→ Exercise goal: Apart from the pictures, every part of the records below gets retyped exactly.

Data items:
== Segment start ==

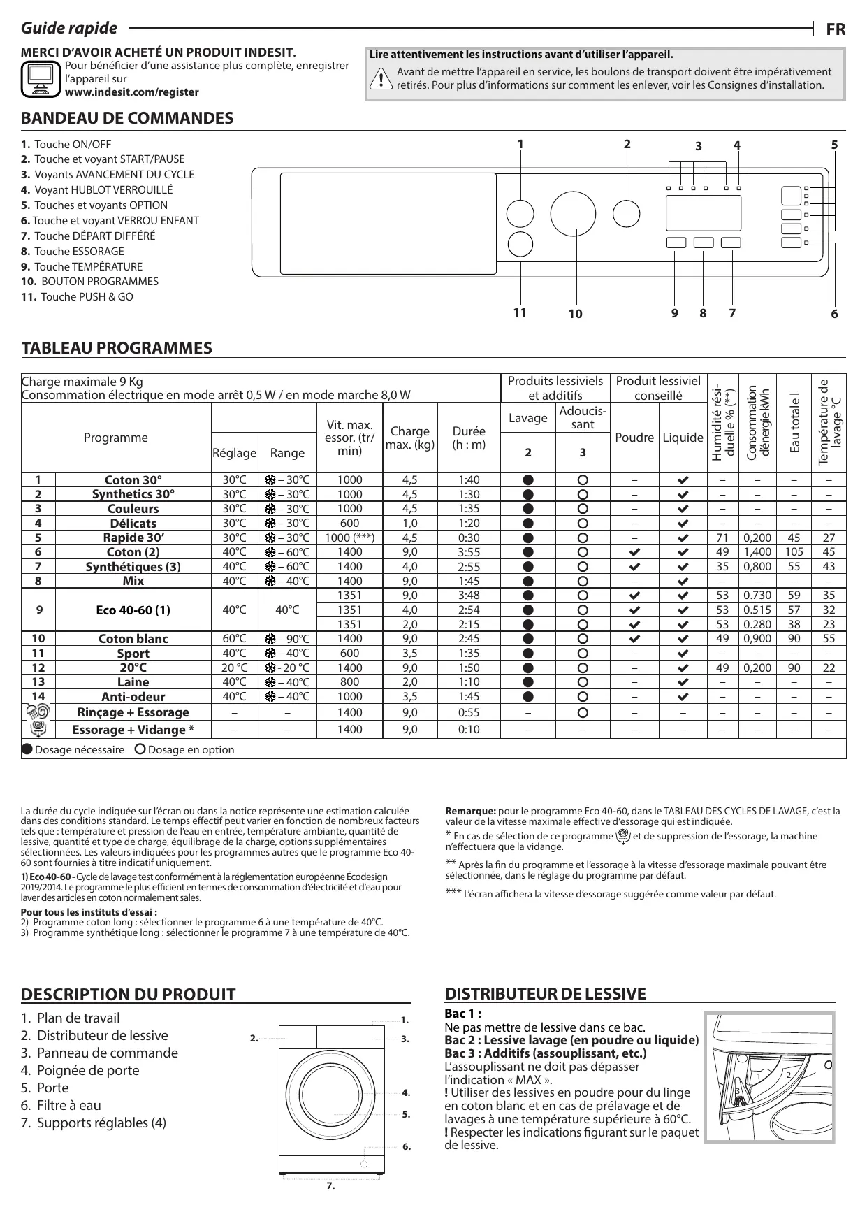 DESCRIPTION DU PRODUIT Remarque: pour le programme Eco 40-60, dans le TABLEAU DES CYCLES DE LAVAGE, c'est la
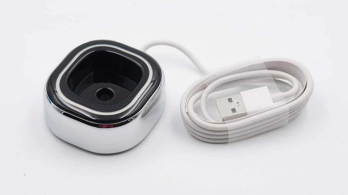 無線充底座自帶USB-A輸入線纜,機(jī)身整體亮面處理,光滑圓潤(rùn),側(cè)身套有鋁制金屬殼。
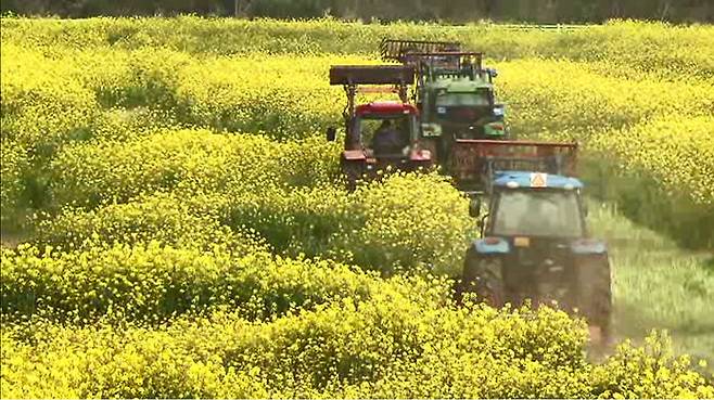 노랗게 펼쳐진 유채꽃밭을 트랙터 4대가 바쁘게 오갑니다.
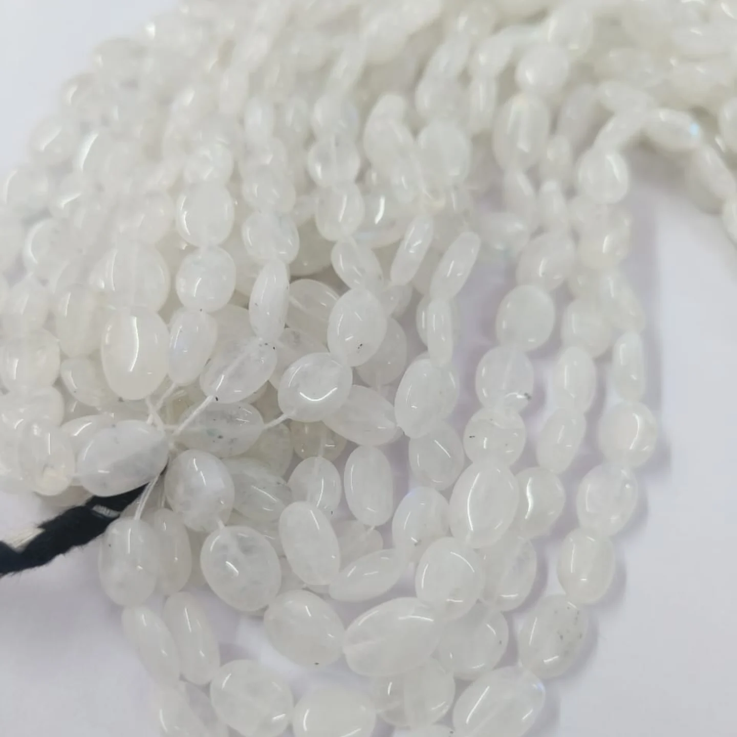 These exquisite Natural White Rainbow Moonstone strands feature smooth, oval-shaped beads with a beautiful milky white sheen. Under light, the stones display subtle flashes of rainbow-like iridescence—one of the signature qualities of genuine moonstone.
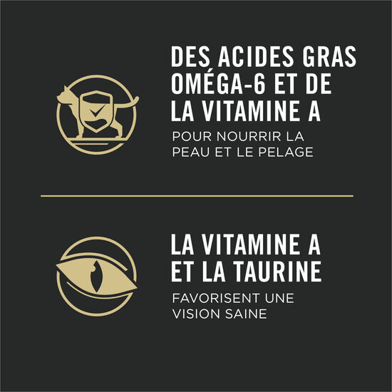 - La formule alimentaire pour chats à teneur élevée en protéines renferme des antioxydants pour favoriser un système immunitaire en santé, ainsi que des acides gras oméga-6 et de la vitamine A pour nourrir la peau et le pelage
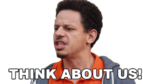 Eric Andre, also known as Chris Carey, says 'Think About Us!' with a concerned expression from the movie Bad Trip.
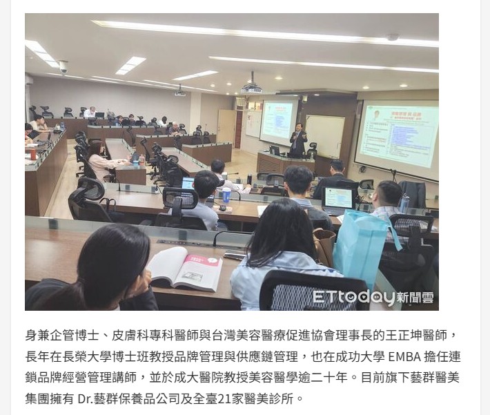 打造企業品牌金字塔 王正坤醫師長榮大學博士班開課 -東森新聞雲-ETtoday新聞雲
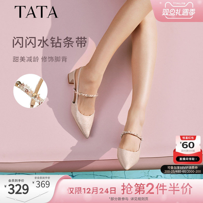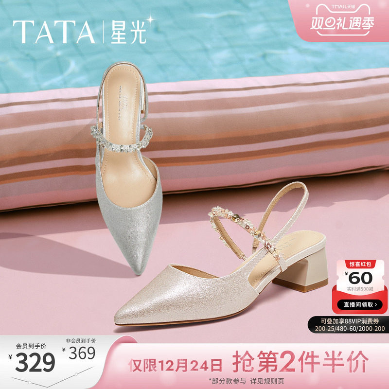 TATA他她星光法式气质包头凉鞋女鞋粗跟后空凉鞋2025新款7GY03BH5
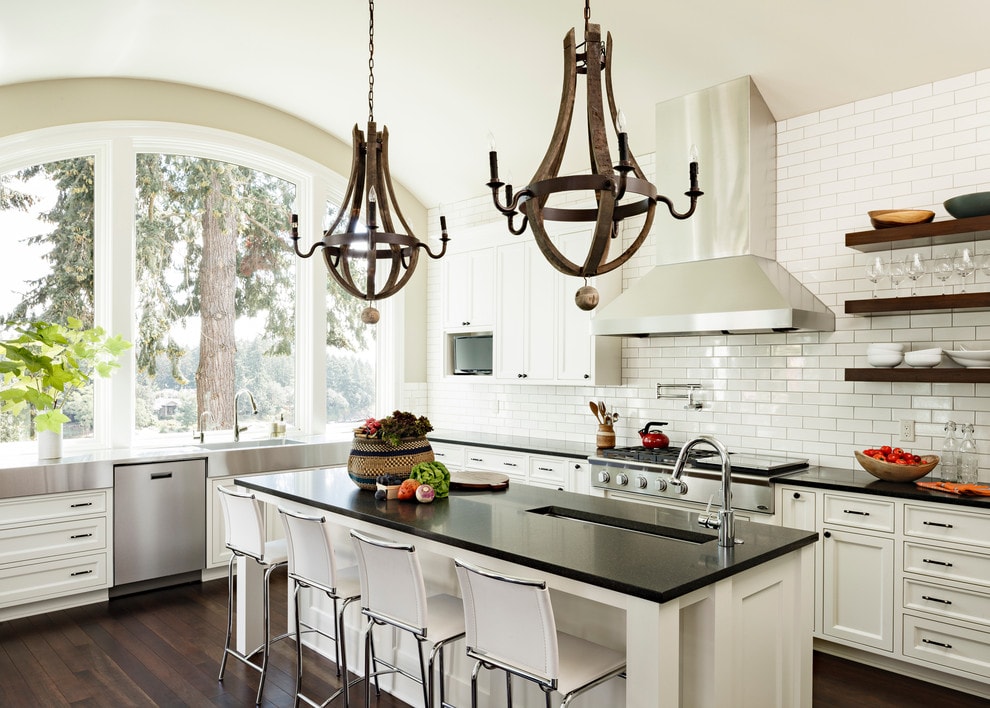 Если на вашей кухне имеется большое окно, то в дневное время на ней будет достаточно света, а вот вечерами вам придется пользоваться искусственным. Основная нагрузка будет возложена на верхний свет.

== Segment end ==

→ Result:
 DESCRIPTION DU PRODUIT Remarque: pour le programme Eco 40-60, dans le TABLEAU DES CYCLES DE LAVAGE, c'est la
 無線充底座自帶USB-A輸入線纜,機(jī)身整體亮面處理,光滑圓潤(rùn),側(cè)身套有鋁制金屬殼。
 노랗게 펼쳐진 유채꽃밭을 트랙터 4대가 바쁘게 오갑니다.
 These exquisite Natural White Rainbow Moonstone strands feature smooth, oval-shaped beads with a beautiful milky white sheen. Under light, the stones display subtle flashes of rainbow-like iridescence—one of the signature qualities of genuine moonstone.
 - La formule alimentaire pour chats à teneur élevée en protéines renferme des antioxydants pour favoriser un système immunitaire en santé, ainsi que des acides gras oméga-6 et de la vitamine A pour nourrir la peau et le pelage
 Eric Andre, also known as Chris Carey, says 'Think About Us!' with a concerned expression from the movie Bad Trip.
 打造企業品牌金字塔 王正坤醫師長榮大學博士班開課 -東森新聞雲-ETtoday新聞雲
 TATA他她星光法式气质包头凉鞋女鞋粗跟后空凉鞋2025新款7GY03BH5
 Если на вашей кухне имеется большое окно, то в дневное время на ней будет достаточно света, а вот вечерами вам придется пользоваться искусственным. Основная нагрузка будет возложена на верхний свет.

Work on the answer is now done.